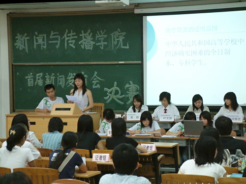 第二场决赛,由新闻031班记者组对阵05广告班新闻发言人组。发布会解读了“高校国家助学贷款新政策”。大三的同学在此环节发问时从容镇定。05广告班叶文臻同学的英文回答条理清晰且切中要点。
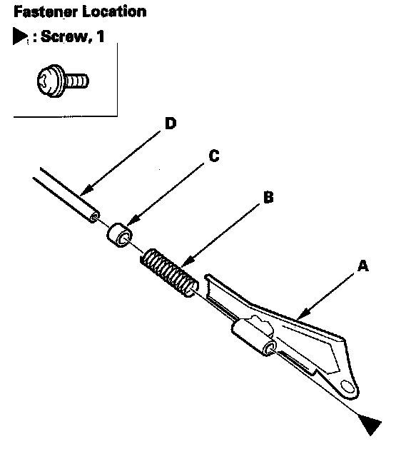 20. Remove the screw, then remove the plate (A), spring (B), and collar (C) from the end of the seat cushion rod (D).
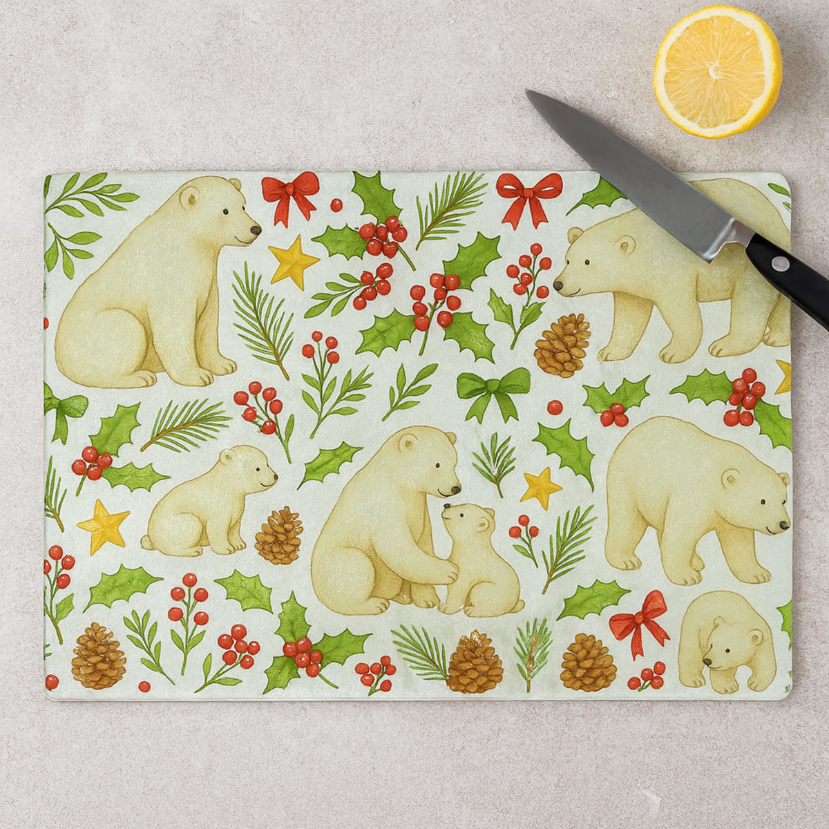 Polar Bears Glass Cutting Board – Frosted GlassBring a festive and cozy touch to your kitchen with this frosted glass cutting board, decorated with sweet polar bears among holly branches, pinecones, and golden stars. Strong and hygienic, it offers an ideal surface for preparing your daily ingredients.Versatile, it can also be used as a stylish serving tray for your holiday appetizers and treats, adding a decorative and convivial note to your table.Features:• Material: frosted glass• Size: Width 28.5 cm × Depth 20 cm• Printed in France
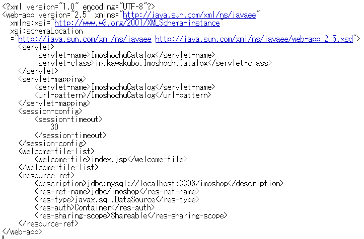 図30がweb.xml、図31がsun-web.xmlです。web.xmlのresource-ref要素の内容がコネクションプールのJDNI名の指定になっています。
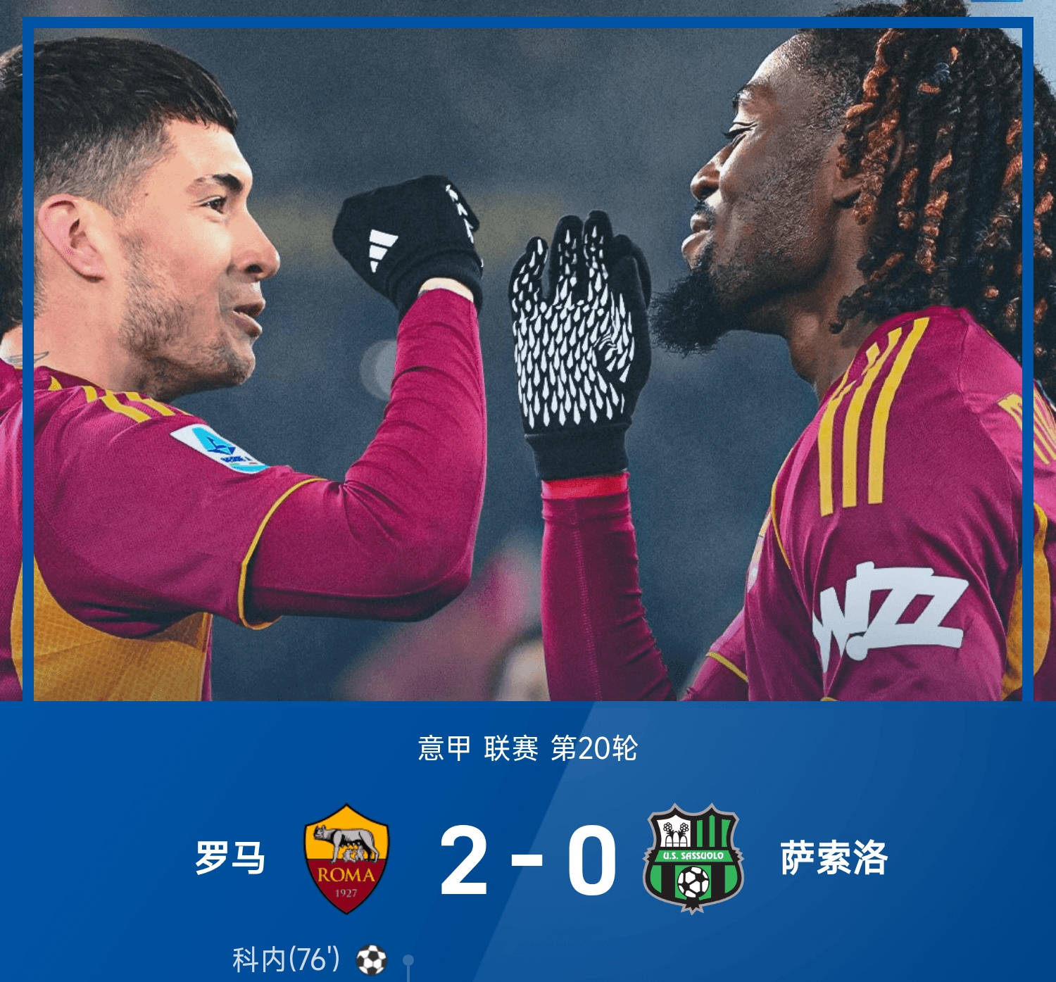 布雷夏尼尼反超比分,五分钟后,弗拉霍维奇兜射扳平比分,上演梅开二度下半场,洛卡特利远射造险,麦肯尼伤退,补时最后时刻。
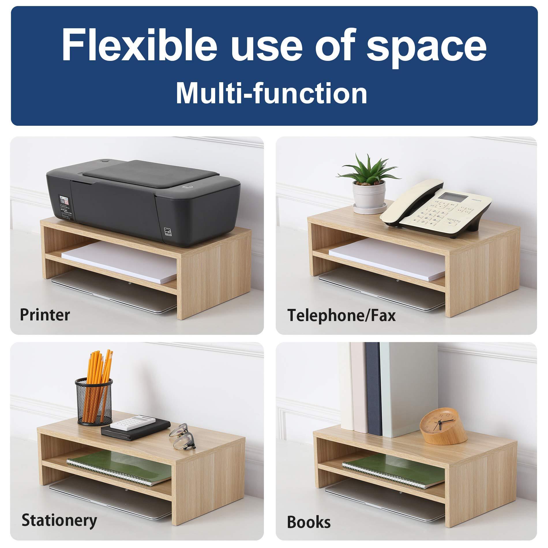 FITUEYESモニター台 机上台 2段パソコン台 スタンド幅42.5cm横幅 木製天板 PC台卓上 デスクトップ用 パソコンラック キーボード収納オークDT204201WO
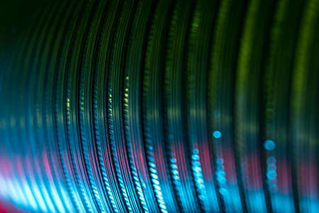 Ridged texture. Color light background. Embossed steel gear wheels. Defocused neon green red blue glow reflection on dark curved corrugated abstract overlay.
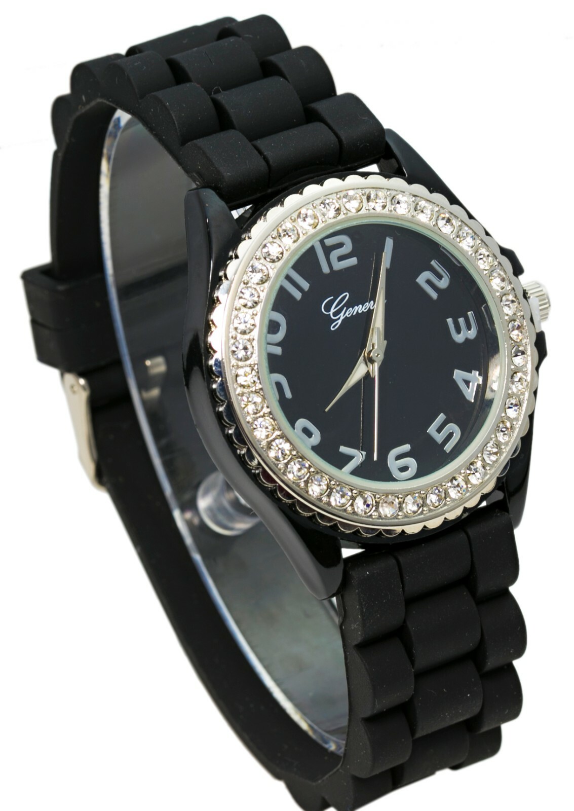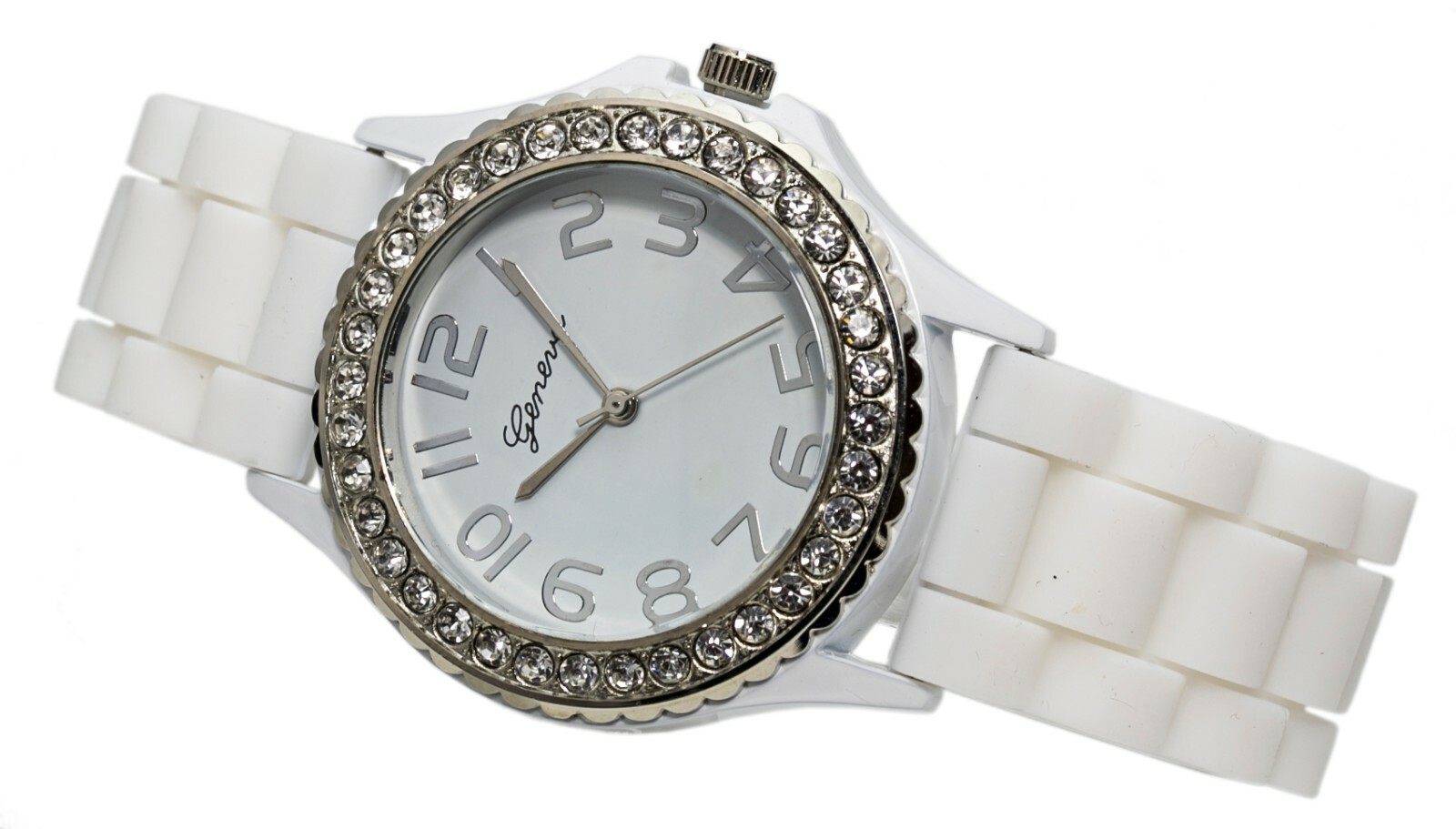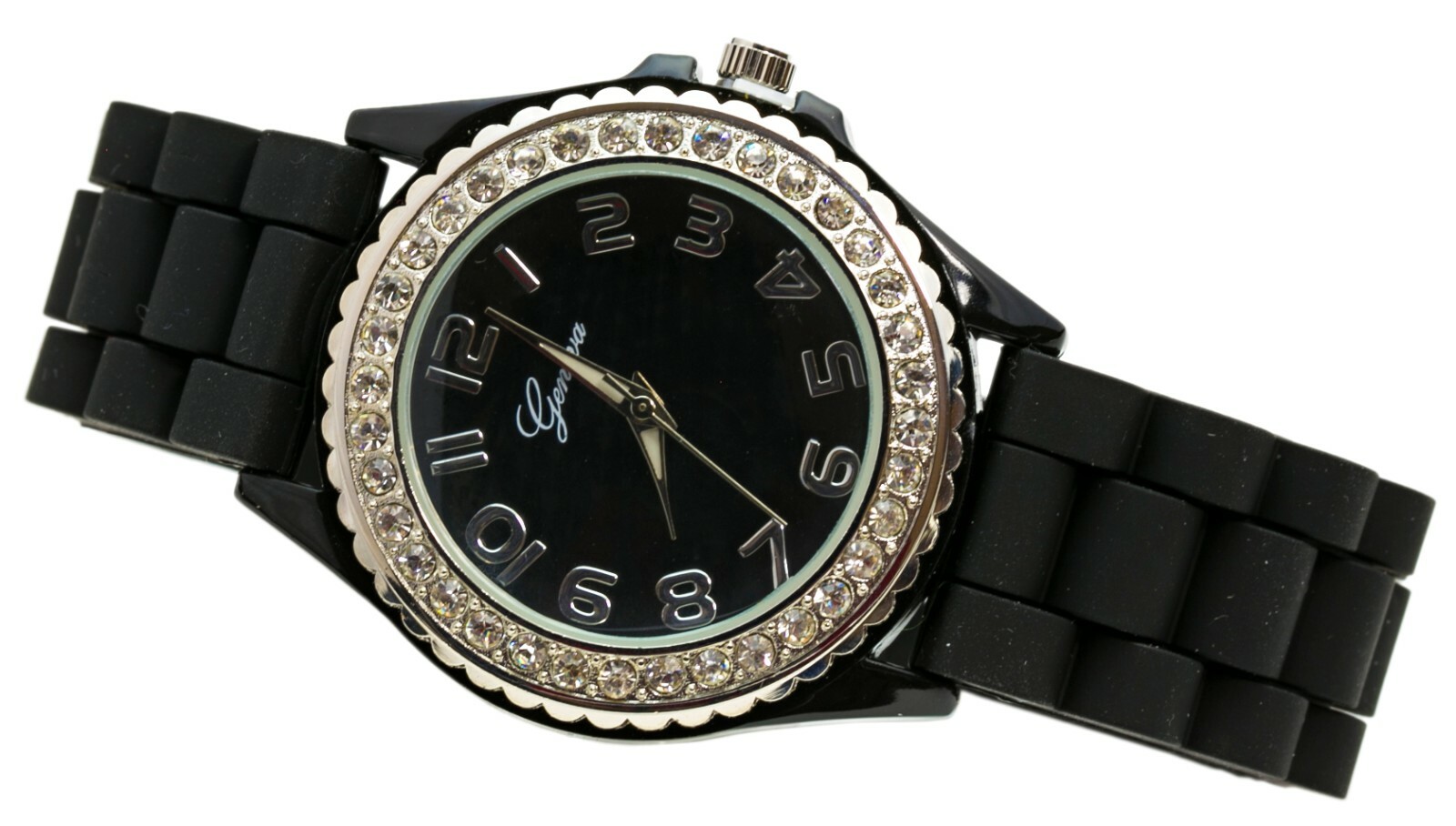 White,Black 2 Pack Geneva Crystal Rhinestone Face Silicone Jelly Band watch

::::::::::

Work order:
Pictures aside, reproduce all of the material above without alteration.

Written response:
 第二场决赛,由新闻031班记者组对阵05广告班新闻发言人组。发布会解读了“高校国家助学贷款新政策”。大三的同学在此环节发问时从容镇定。05广告班叶文臻同学的英文回答条理清晰且切中要点。
 20. Remove the screw, then remove the plate (A), spring (B), and collar (C) from the end of the seat cushion rod (D).
 Polar Bears Glass Cutting Board – Frosted GlassBring a festive and cozy touch to your kitchen with this frosted glass cutting board, decorated with sweet polar bears among holly branches, pinecones, and golden stars. Strong and hygienic, it offers an ideal surface for preparing your daily ingredients.Versatile, it can also be used as a stylish serving tray for your holiday appetizers and treats, adding a decorative and convivial note to your table.Features:• Material: frosted glass• Size: Width 28.5 cm × Depth 20 cm• Printed in France
 図30がweb.xml、図31がsun-web.xmlです。web.xmlのresource-ref要素の内容がコネクションプールのJDNI名の指定になっています。
 布雷夏尼尼反超比分,五分钟后,弗拉霍维奇兜射扳平比分,上演梅开二度下半场,洛卡特利远射造险,麦肯尼伤退,补时最后时刻。
 FITUEYESモニター台 机上台 2段パソコン台 スタンド幅42.5cm横幅 木製天板 PC台卓上 デスクトップ用 パソコンラック キーボード収納オークDT204201WO
 Ridged texture. Color light background. Embossed steel gear wheels. Defocused neon green red blue glow reflection on dark curved corrugated abstract overlay.
 White,Black 2 Pack Geneva Crystal Rhinestone Face Silicone Jelly Band watch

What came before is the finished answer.